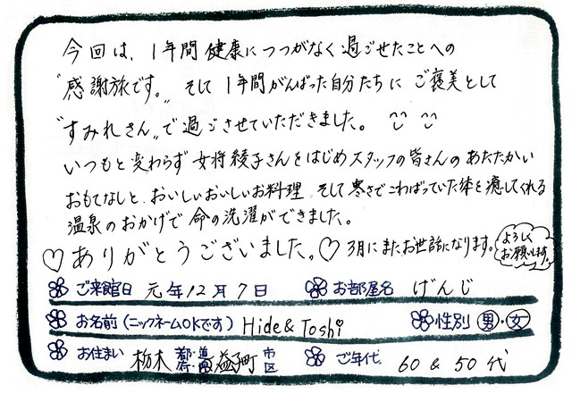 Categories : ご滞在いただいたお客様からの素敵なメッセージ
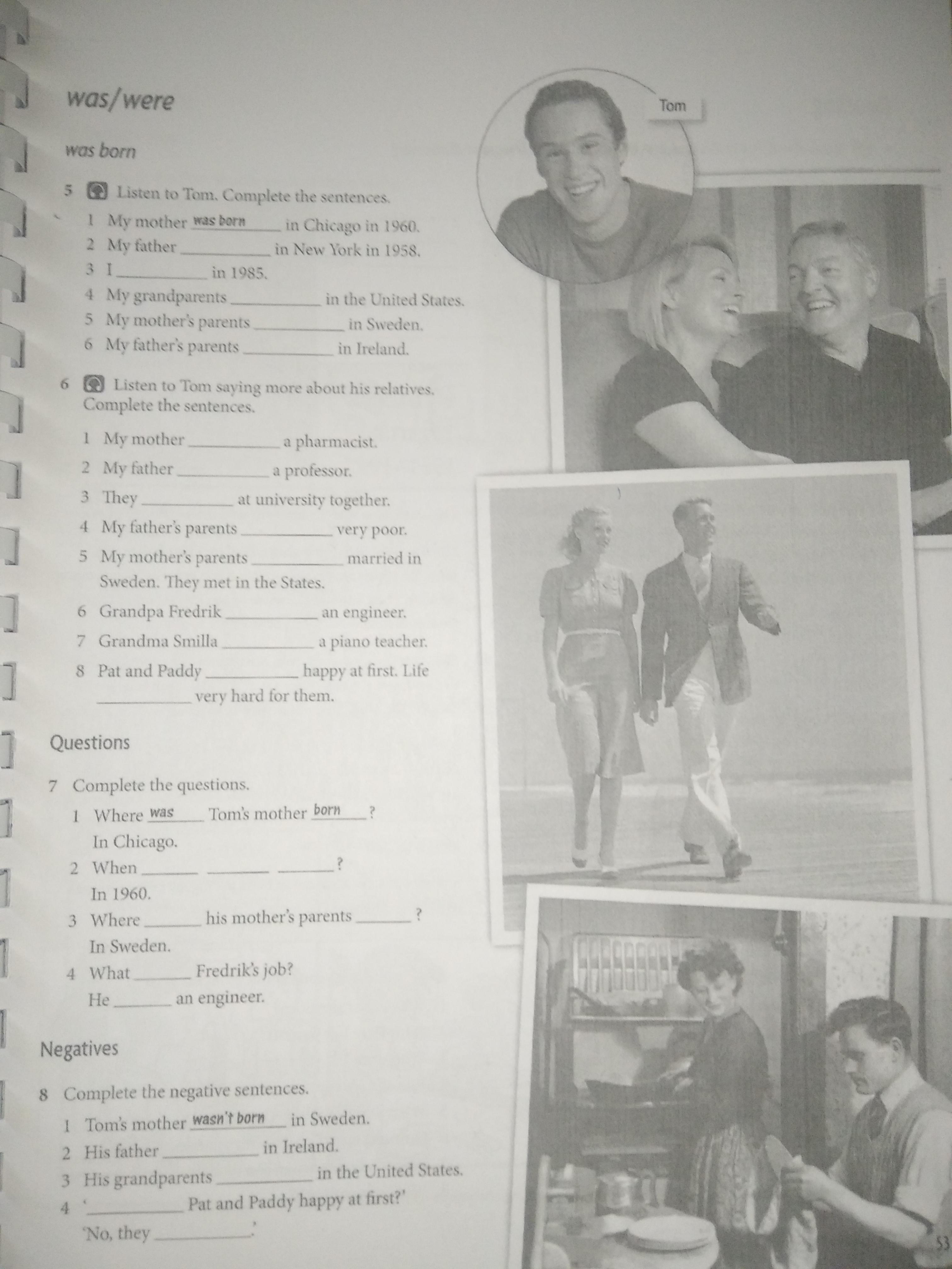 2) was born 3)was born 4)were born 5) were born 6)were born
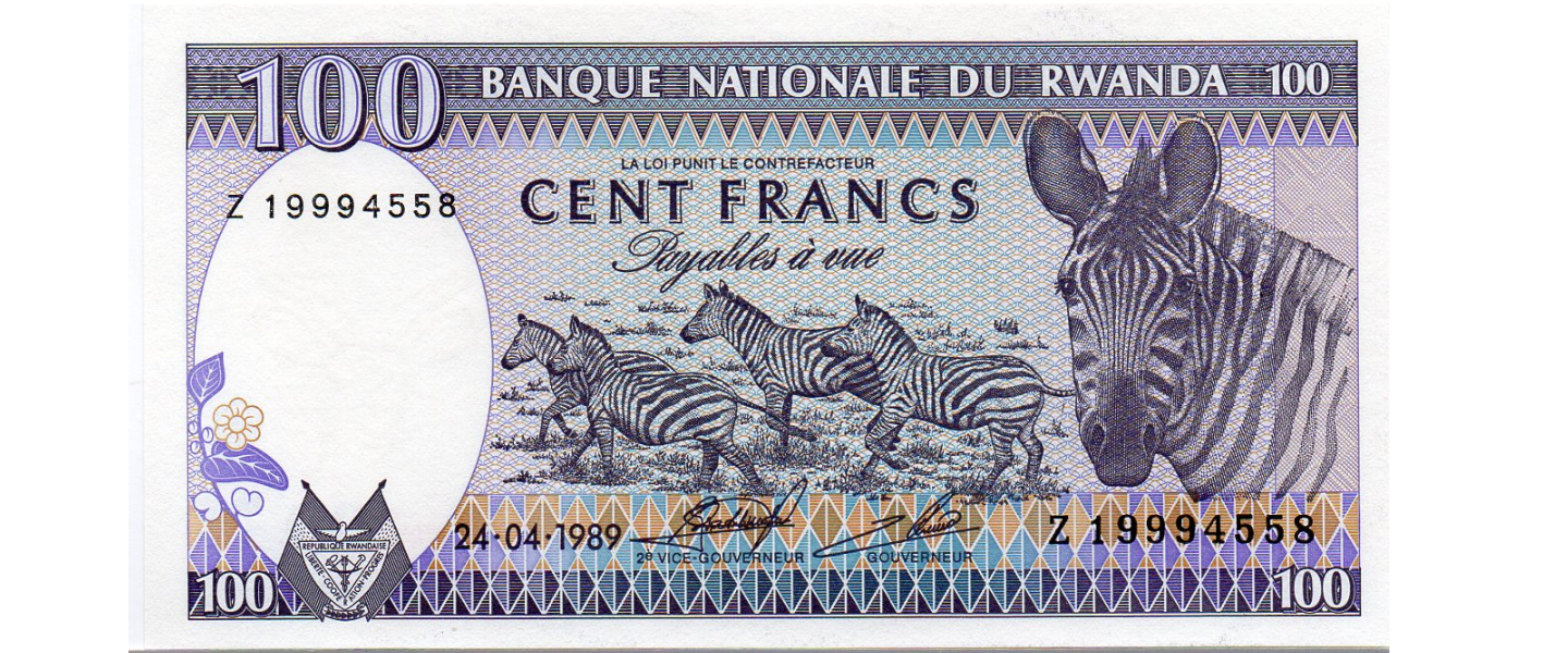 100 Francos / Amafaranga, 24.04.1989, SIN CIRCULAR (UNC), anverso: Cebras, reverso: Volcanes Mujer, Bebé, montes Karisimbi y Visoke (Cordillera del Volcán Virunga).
****
▶ _WORK TO BE COMPLETED_:
Transcribe exactly the line containing "2) was born" and every line after it through the end of the listing above; pictures are not part of the copy.

▶ _TASK RESULT_:
 2) was born 3)was born 4)were born 5) were born 6)were born
 100 Francos / Amafaranga, 24.04.1989, SIN CIRCULAR (UNC), anverso: Cebras, reverso: Volcanes Mujer, Bebé, montes Karisimbi y Visoke (Cordillera del Volcán Virunga).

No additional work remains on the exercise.